Task ::
All lines below between the line with "РЕСО-Мед, страховая медицинская" and the line with "A woman with", including both, must be copied exactly, and the pictures must be omitted.

Data ::

────────

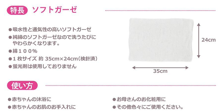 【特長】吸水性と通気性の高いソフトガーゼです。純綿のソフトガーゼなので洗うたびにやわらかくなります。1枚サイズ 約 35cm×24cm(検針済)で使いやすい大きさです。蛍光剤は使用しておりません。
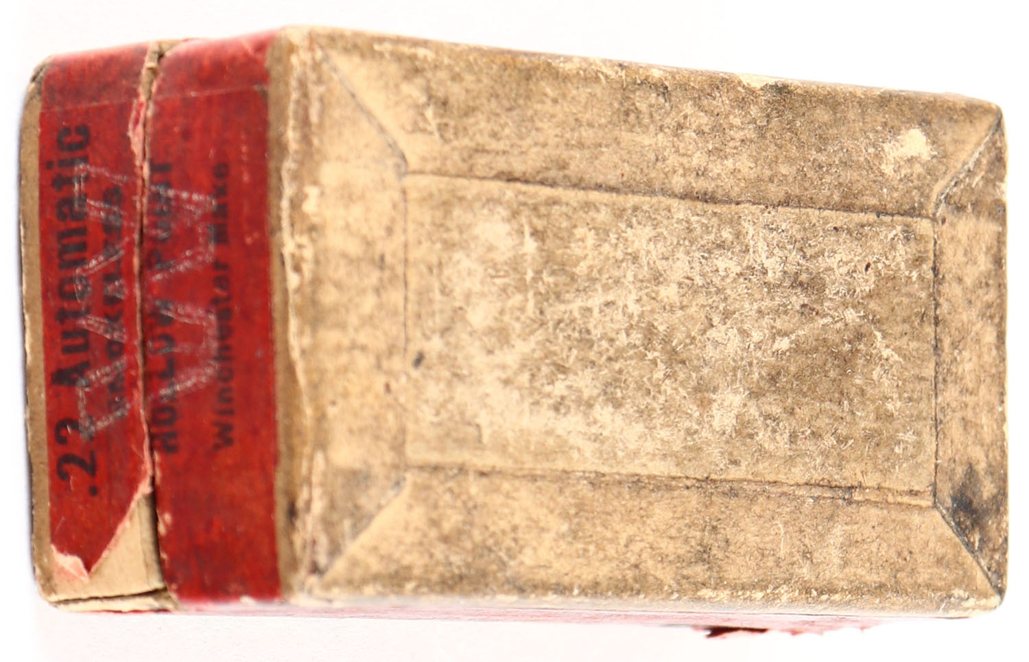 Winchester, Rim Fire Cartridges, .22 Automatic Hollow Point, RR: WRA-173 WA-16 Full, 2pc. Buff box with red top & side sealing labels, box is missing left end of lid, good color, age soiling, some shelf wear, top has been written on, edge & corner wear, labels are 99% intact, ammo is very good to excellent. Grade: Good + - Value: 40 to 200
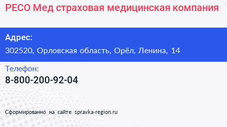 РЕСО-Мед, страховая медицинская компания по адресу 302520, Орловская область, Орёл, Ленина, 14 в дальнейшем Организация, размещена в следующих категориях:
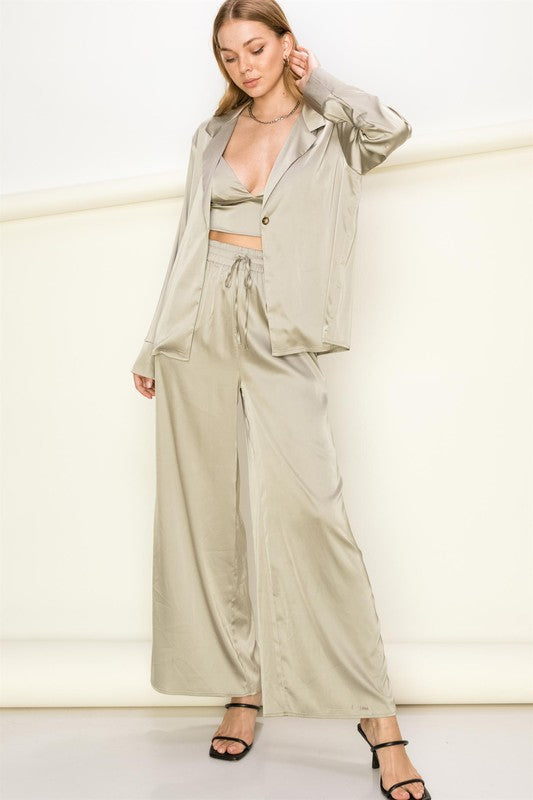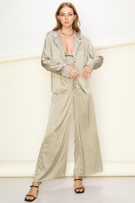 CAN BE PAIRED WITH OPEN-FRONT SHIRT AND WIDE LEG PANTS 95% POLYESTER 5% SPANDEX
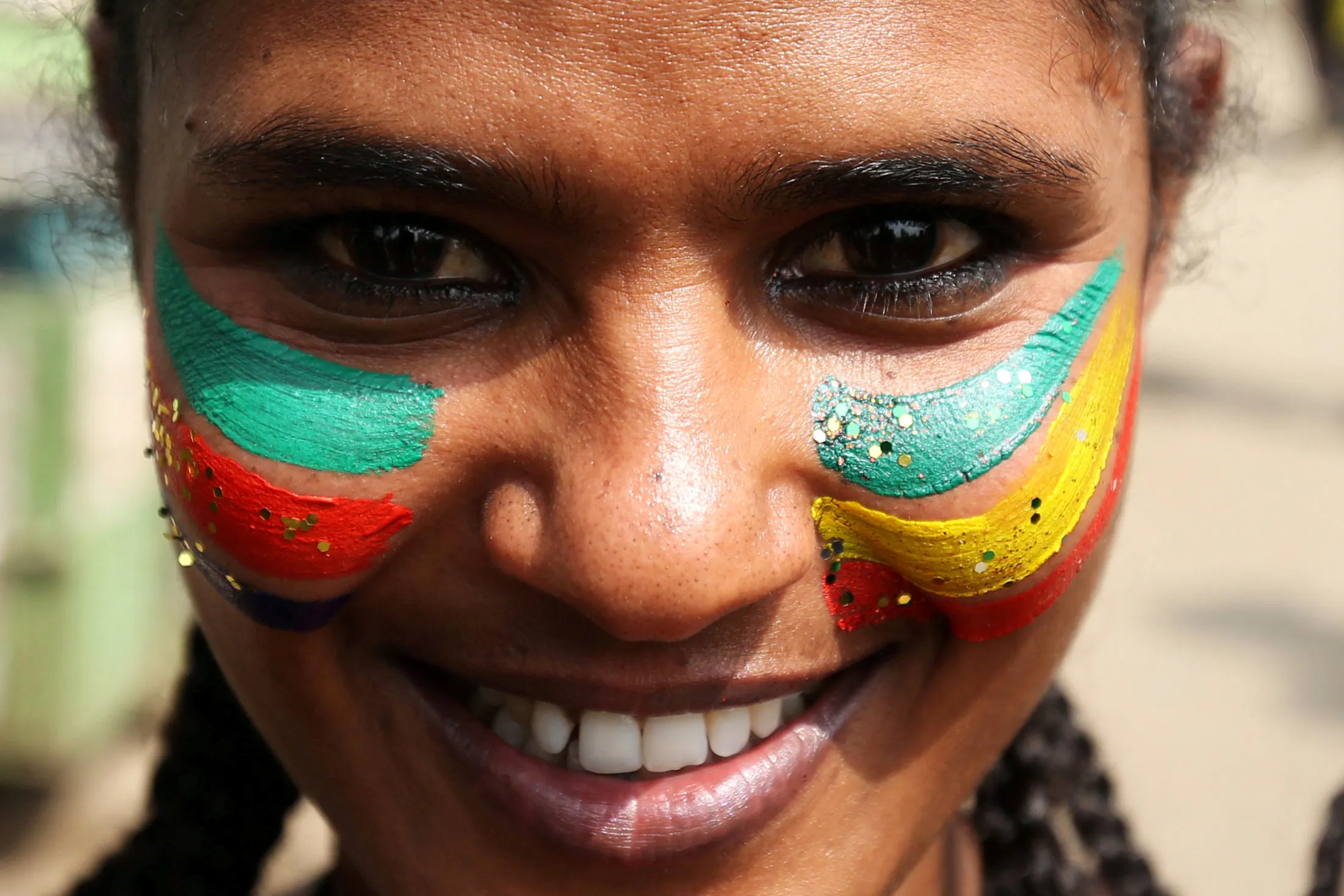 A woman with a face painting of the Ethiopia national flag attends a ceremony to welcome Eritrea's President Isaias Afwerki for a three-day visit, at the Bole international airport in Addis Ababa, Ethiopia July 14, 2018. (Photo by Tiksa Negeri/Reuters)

────────

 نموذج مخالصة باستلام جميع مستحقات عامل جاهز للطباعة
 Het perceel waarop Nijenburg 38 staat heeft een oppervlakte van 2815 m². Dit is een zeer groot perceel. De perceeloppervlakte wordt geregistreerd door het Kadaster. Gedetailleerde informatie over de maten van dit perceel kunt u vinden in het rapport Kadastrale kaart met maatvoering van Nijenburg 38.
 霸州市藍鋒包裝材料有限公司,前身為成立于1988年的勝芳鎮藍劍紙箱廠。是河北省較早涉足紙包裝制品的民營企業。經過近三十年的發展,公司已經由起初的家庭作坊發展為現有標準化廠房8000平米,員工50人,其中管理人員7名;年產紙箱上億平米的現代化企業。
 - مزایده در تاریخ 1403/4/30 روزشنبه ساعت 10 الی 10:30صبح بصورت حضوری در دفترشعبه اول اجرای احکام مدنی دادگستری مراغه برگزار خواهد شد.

────────

Response to the task ::
 РЕСО-Мед, страховая медицинская компания по адресу 302520, Орловская область, Орёл, Ленина, 14 в дальнейшем Организация, размещена в следующих категориях:
 CAN BE PAIRED WITH OPEN-FRONT SHIRT AND WIDE LEG PANTS 95% POLYESTER 5% SPANDEX
 A woman with a face painting of the Ethiopia national flag attends a ceremony to welcome Eritrea's President Isaias Afwerki for a three-day visit, at the Bole international airport in Addis Ababa, Ethiopia July 14, 2018. (Photo by Tiksa Negeri/Reuters)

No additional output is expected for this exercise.